1501 Connecticut Ave. NW

Article Published in Washington Business Journal - May 1, 2015 [view]

Rick Fernandez helped his client sell Dupont Circle’s well-known Starbucks building for a record setting price. Photo by Joanne S. Lawton.

Dupont Circle’s well-known Starbucks building, owned by Robb LaKritz, sold to Harbor Group International for a record-setting price.

There was no hungry giant or sky-high beanstalk, but at perhaps the busiest corner of Dupont Circle, a few roasted beans did indeed lead to some serious, serious green.

After buying it in 2010, Lakritz-Adler sold off what’s been widely dubbed the Dupont Circle Starbucks Building, named for its flagship tenant, the East Coast’s first purveyor of the now omnipresent Seattle-based coffee brand. The sale price, to Norfolk, Virginia-based Harbor Group International, was a staggering $16.25 million for the 9,718-square-foot, fully leased buildings at 1501-1503 Connecticut Ave. NW. Or $1,672 per square foot, a retail sales record for triple net lease investment properties in the District. Or, in yet another per-square-foot metric, 886 tall cups of Starbucks joe.

Despite the milestone, brokers say the sale price wasn’t much of a surprise. Calkain Cos., hired the previous fall to market the property, had already garnered a then-high $1,200-some-per-square-foot price on a previous retail sales deal. It plunked the adjoining pair of Connecticut Avenue buildings on the sales block at an asking price of $17.5 million, or $1,800 per square foot.

“You’ve got the phenomenal traffic at Dupont,” said Rick Fernandez, managing director of Calkain. “You get the sense if Starbucks ever closed that store, you’re pretty certain Starbucks is out of the coffee business. They just do so well there.”

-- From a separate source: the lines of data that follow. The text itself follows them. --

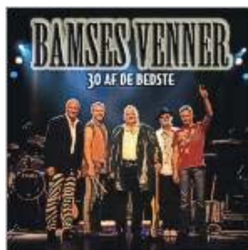
Store navne som Bamses venner har gjort sommerfesten i Knebel til et hit gennem 33 år

Sommerfesten i Knebel tilrettelægges af de to store foreninger, Borgerforeningen og Idrætsforeningen gennem en sommerfestkomité. Sommerfesten trækker rigtig mange mennesker over flere dage i den traditionelle, store festuge på Mols og er ligesom den begivenhed, hvor bortdragne molboer for en stund vender tilbage og hilser på hinanden. Mange store navne har fyldt det store telt på festpladsen mellem skole og hal med glade mennesker, fastboende som sommergæster med base i sommerhuse og på campingpladser, der gladelig synger med på Molssangen.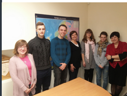
Su VPMF „Reda“ atstovais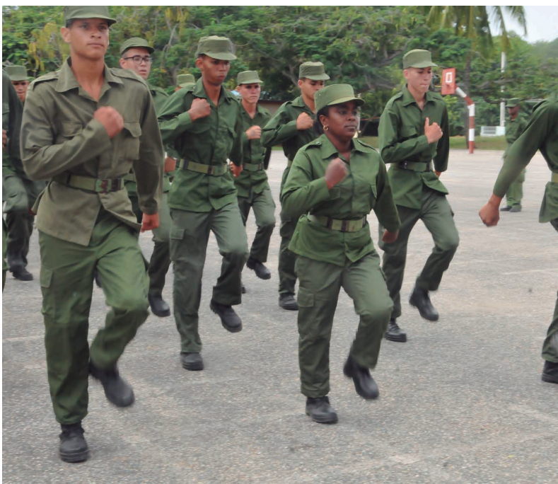
En la Escuela de Preparación, hembras y varones comparten el mismo rigor del entrenamiento y disciplina militares.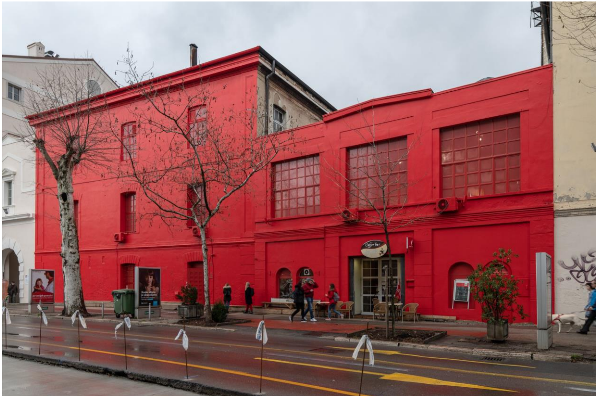
Slika 11. pročelje MMSU [20]

Drugom fazom prenamjene H – objekta planira se rad Muzeja na svim površinama objekta. Integritet Muzeja postignuti će se širenjem Muzeja na ostatak još neuređenih površina na dvije gornje etaže. Time će se napraviti mjesta za sav potreban sadržaj, te će se stvoriti preduvjeti za daljnje širenje i razvoj Muzeja. Te, još neuređene, prostori u H – objektu 2020.g. otkupio je Grad Rijeka od PIK Rijeka, te se uskoro planira nastavak adaptacije i proširenje Muzeja.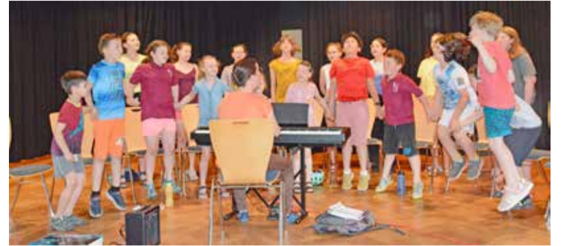
Die Kinder geben beim Singen alles und heben dabei sogar hin und wieder vom Boden ab.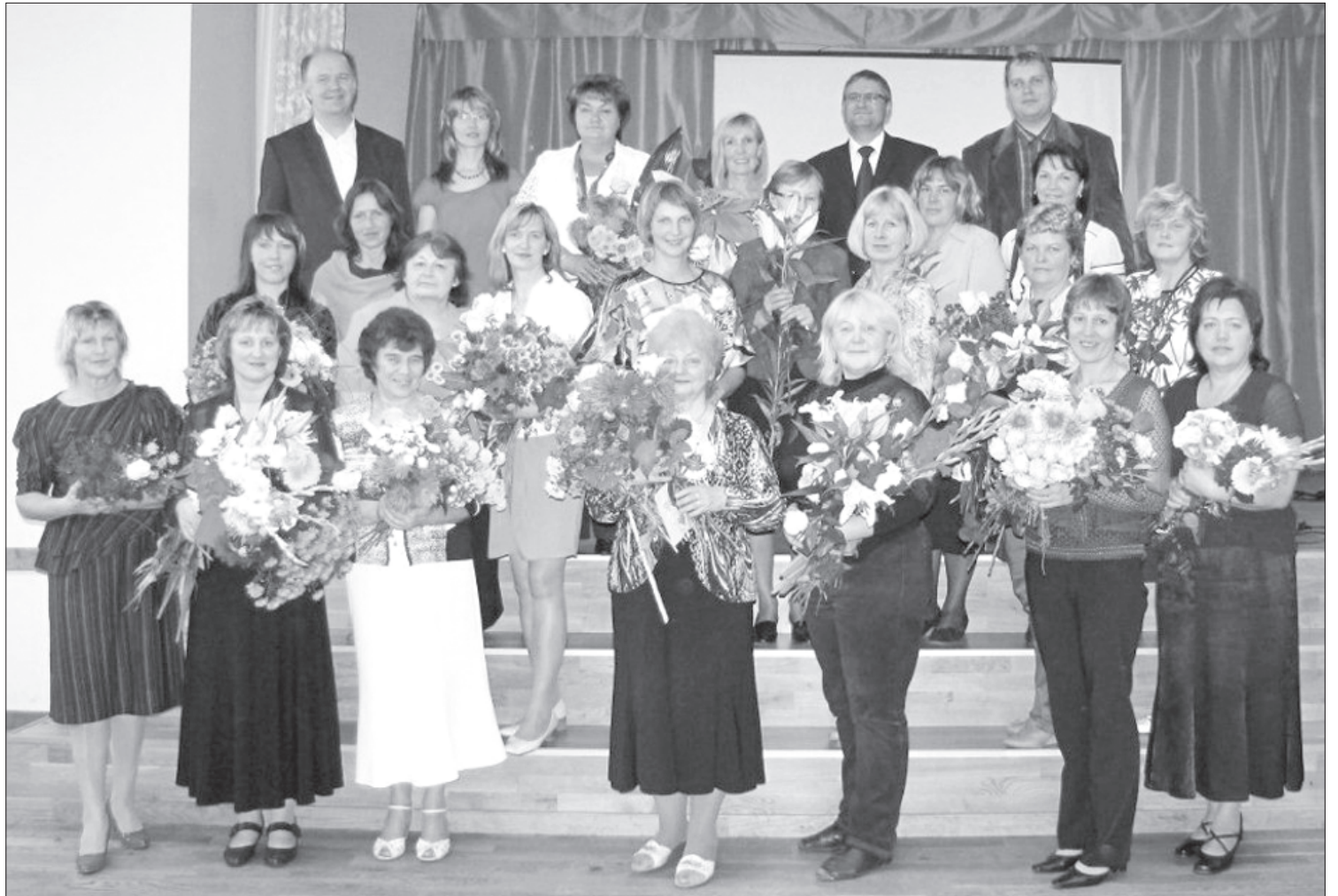
Priekules vidusskolas pedagogi ar skolēnu dāvinātiem ziediem.

5. oktobrī Priekules vidusskolā Skolotāju dienu organizēja 12. klases audzēkņi. Skolēniem, kuri mācās no 1. līdz 9. klasei, stundas vadīja 10. – 12. klases audzēkņi. Stundās skolēni gan rēķināja, gan spēlēja spēles, gan pildīja atjautības uzdevumus, gan darbojās ar rokdarbiem. Kamēr skolēni mācījās, skolotāji izbaudīja svētkus. No rīta pedagogi tika aicināti pie kafijas galda baudīt Priekules konditorijas kliņģeri un citus gardumus. Nedomājiet, ka skolotāji tikai atpūtās, nebūt ne, jo arī viņiem nācās pildīt dažādus āķīgus uzdevumus, kuru mērķis bija pārbaudīt viņu attapību. Kad kafijas tasītes jau bija tukšas un kliņģeris apēsts, pedagogi tika aicināti uz skolas zāli, lai baudītu īpaši viņiem gatavotu pasākumu. Tā sākumā 12. klases audzēkņi bija sagatavojuši TV šovu, kurā varēja novērtēt jaunākās "Top Shop" reklāmas, uzzināt jaunākās ziņas, noskaidrot laika prognozes, atskatīties uz olimpiskajām spēlēm u.c. Protams, tā nebija kārtējā garlaicīgā televīzijas pārraide, bet smieklīgs bagāts raidījums, kura laikā varēja dzirdēt jaunākos notikumus par un ap Priekules vidusskolas skolotājiem, minot viņus smieklīgos notikumus. Pasākumu izskaņā tika veltīts neliels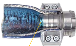
Intégration classique avec coquille de serrage

Afin de garantir un raccordement lisse , hygiénique et sans volume mort entre le tuyau flexible et le robinet , nous avons développé une nouvelle procédure de test : Un liquide coloré en bleu est pompé dans le tuyau flexible avec une pression maximale pendant 7 jours . Puis, l'extrémité du tuyau est retirée afin de vérifier l'étanchéité et la qualité du joint du raccordement . Les résultats sont de première classe et visibles par rapport aux techniques de raccordement traditionnelles.

Presumably, Harbor Group can enjoy that foot traffic for quite a while. Starbucks, which leases 3,736 square feet in the property, more than a third of its total space spanning the basement, first and second floors, has signed a lease there through February 2035. Its $79.31-per-square-foot rental rate brings in nearly $300,000 annually on its own.

Even beyond the java, among the building’s other tenants, the closest lease expiration date is for custom men’s suiting retailer Alton-Lane, up for renewal in August 2016.

The remaining neighbors — bead shop Beadazzled, BBB Fresh Pan-Asian cafe and office mate Reishman Real Estate, the second-largest tenant at 3,195 square feet — are tied to leases that stretch to anywhere from 2018 to 2021.

Net lease properties are those in which tenants pay their own management, utilities and insurance. Having multiple retail tenants in such properties is common, but having office tenants is not.

In addition to event space that Lakritz- Adler held on the fourth floor and roof terrace, the property’s residents yielded $744,051 in total rent income a year, with promises of 3 percent to 10 percent annual increases going forward. The cap rate was 4.3 percent.

Be it real estate or relationships, long term is a plus. “The investors were looking for stability of the income stream the property affords,” Fernandez said.

The outcome proved quite profitable for Lakritz-Adler, which Fernandez said had originally intended to hold onto the buildings, one 107 years old and the other a sprightly 92, for longer than four years. That is, until the District’s investment sales market started to turn by the end of the Great Recession.

“When the offers started coming in, they recognized that the timing was perfect,” Fernandez said. “Maybe they had originally set out to hold the property, but their gains were significant. I probably shouldn’t go in the details of that. But what they bought the property for and what they turned around and sold it for, it was a tremendous win for them.”

Indeed, Calkain had canvassed the globe for potential investors, attracting groups from California, New York, even South America. It touted the site’s recent $3.7 million in landlord and tenant renovations and total net operating income just shy of $700,000. But the sticker shock was still too much for some shoppers.

“Interest was still definitely strong, but because of the seller’s requirement to do the deal, we had to really push hard to get the numbers they wanted,” Fernandez said.

And that asking price, Fernandez said, was meant to send a very specific message: Show up or go home.

“We felt like if we let the property go to market without directing where offers were expected to be, someone might write what they thought was an exemplary offer, respectful of where transactions had previously taken place, and that just wasn’t going to cut it,” he said. “We wanted to signal to the market you needed to dig down deep and hard and you needed to deliver something not just exceptional, but also extraordinary.”

Sale of Dupont Circle Starbucks Building

  • Address: 1501/1503 Connecticut Ave. NW, Washington
  • Price:$16.25 million
  • Price per square foot:$1,672
  • Seller: Lakritz-Adler
  • Seller rep: Rick Fernandez and David Sobelman, Calkain Cos.